Requirement: Nothing but the lines from the one containing "Poster mit Rahmen" through the end of the data should be retyped, exactly as they stand, and pictures should not be retyped.
------ Records shown ------
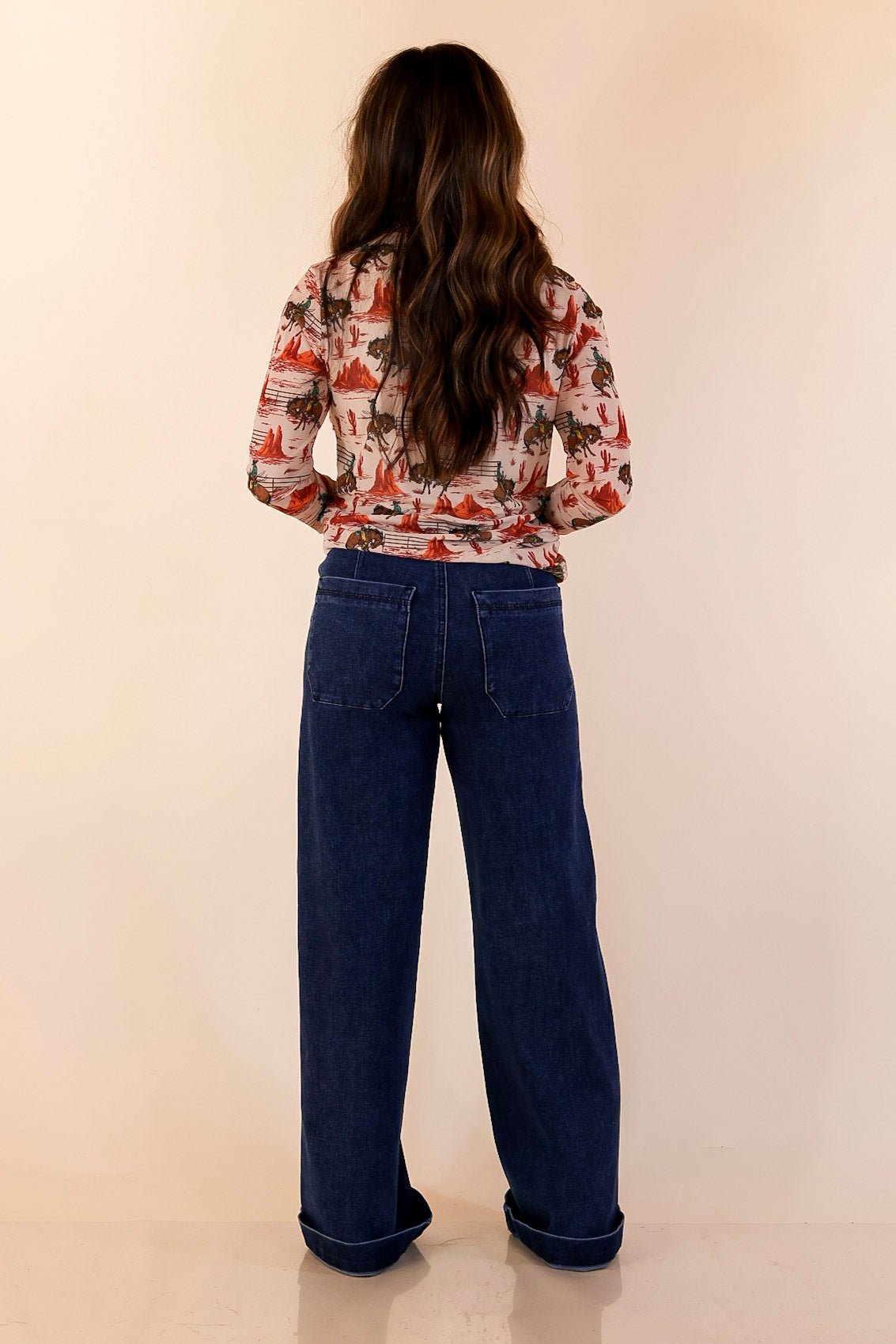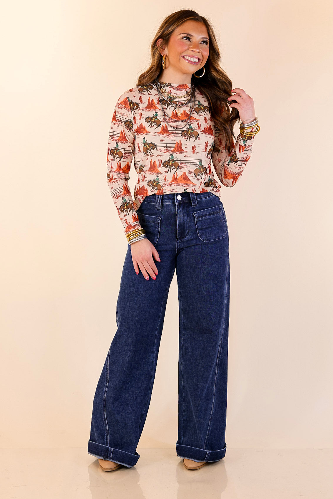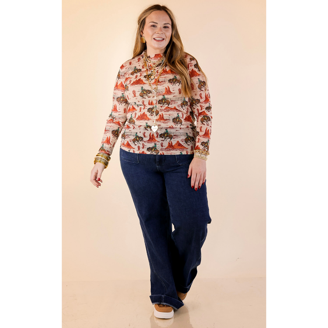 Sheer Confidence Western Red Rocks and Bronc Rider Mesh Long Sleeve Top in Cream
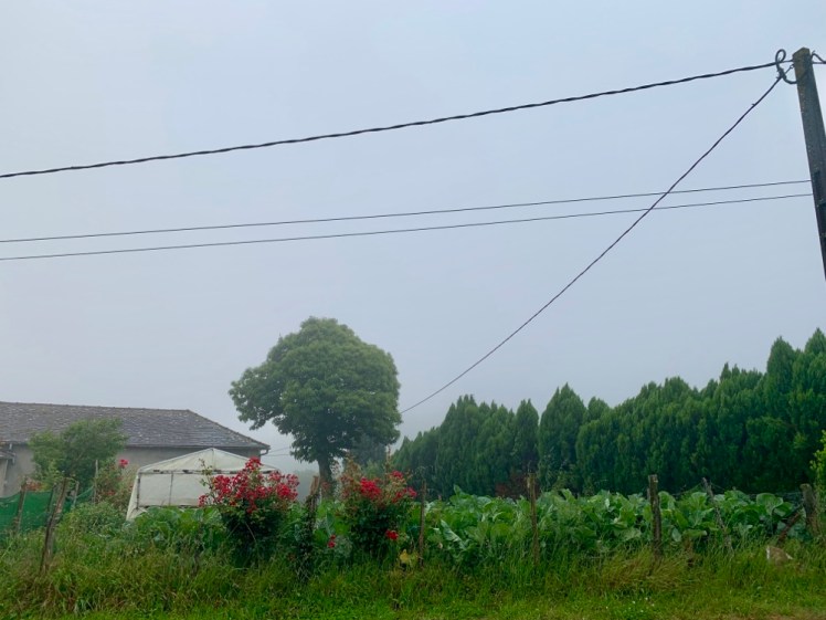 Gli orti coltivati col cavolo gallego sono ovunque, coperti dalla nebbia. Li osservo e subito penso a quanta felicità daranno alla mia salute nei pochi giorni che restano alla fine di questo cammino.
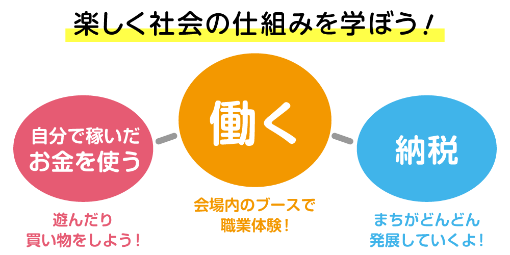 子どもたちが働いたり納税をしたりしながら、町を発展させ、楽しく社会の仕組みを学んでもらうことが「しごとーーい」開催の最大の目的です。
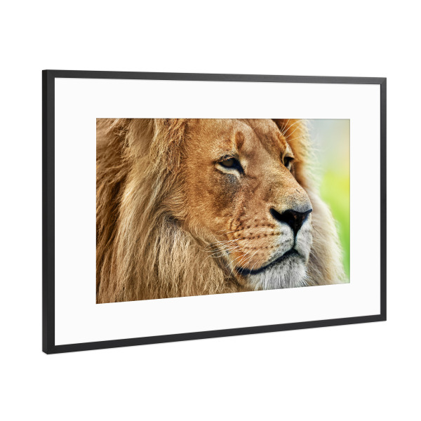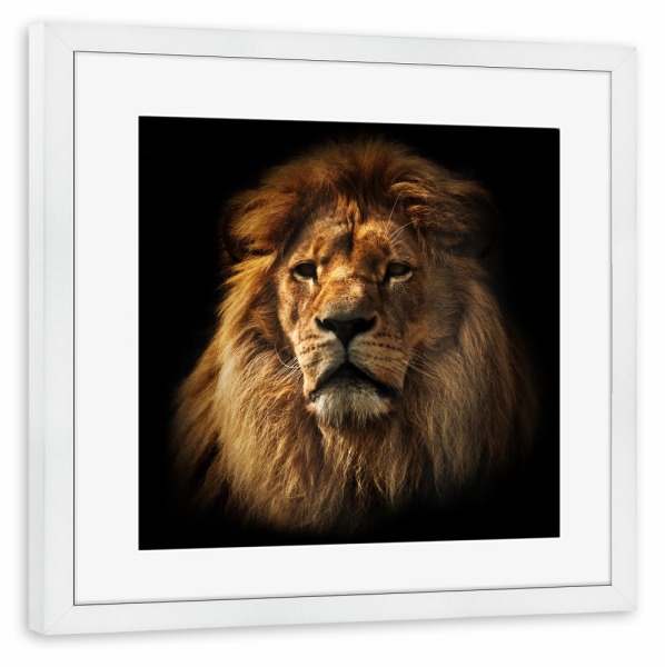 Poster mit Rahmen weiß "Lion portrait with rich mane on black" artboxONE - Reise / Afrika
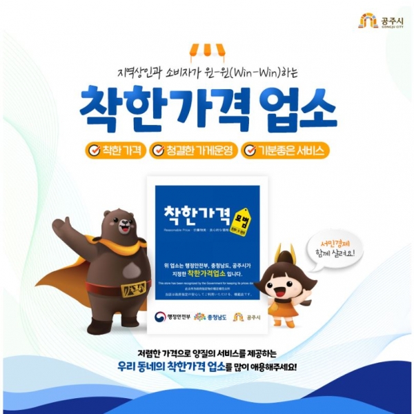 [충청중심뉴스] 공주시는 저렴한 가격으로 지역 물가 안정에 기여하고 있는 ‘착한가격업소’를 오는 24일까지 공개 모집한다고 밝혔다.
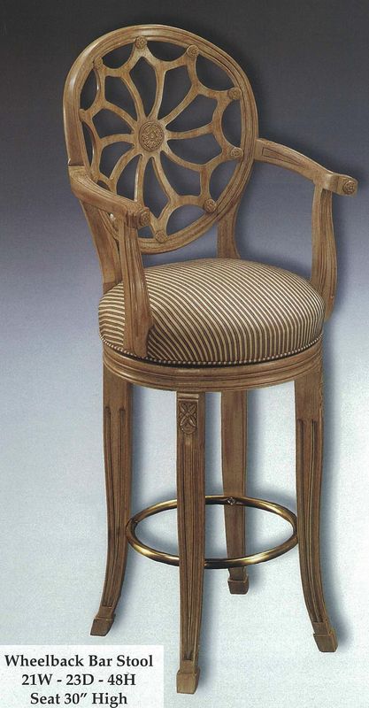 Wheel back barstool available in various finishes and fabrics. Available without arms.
------
Task output:
 Poster mit Rahmen weiß "Lion portrait with rich mane on black" artboxONE - Reise / Afrika
 [충청중심뉴스] 공주시는 저렴한 가격으로 지역 물가 안정에 기여하고 있는 ‘착한가격업소’를 오는 24일까지 공개 모집한다고 밝혔다.
 Wheel back barstool available in various finishes and fabrics. Available without arms.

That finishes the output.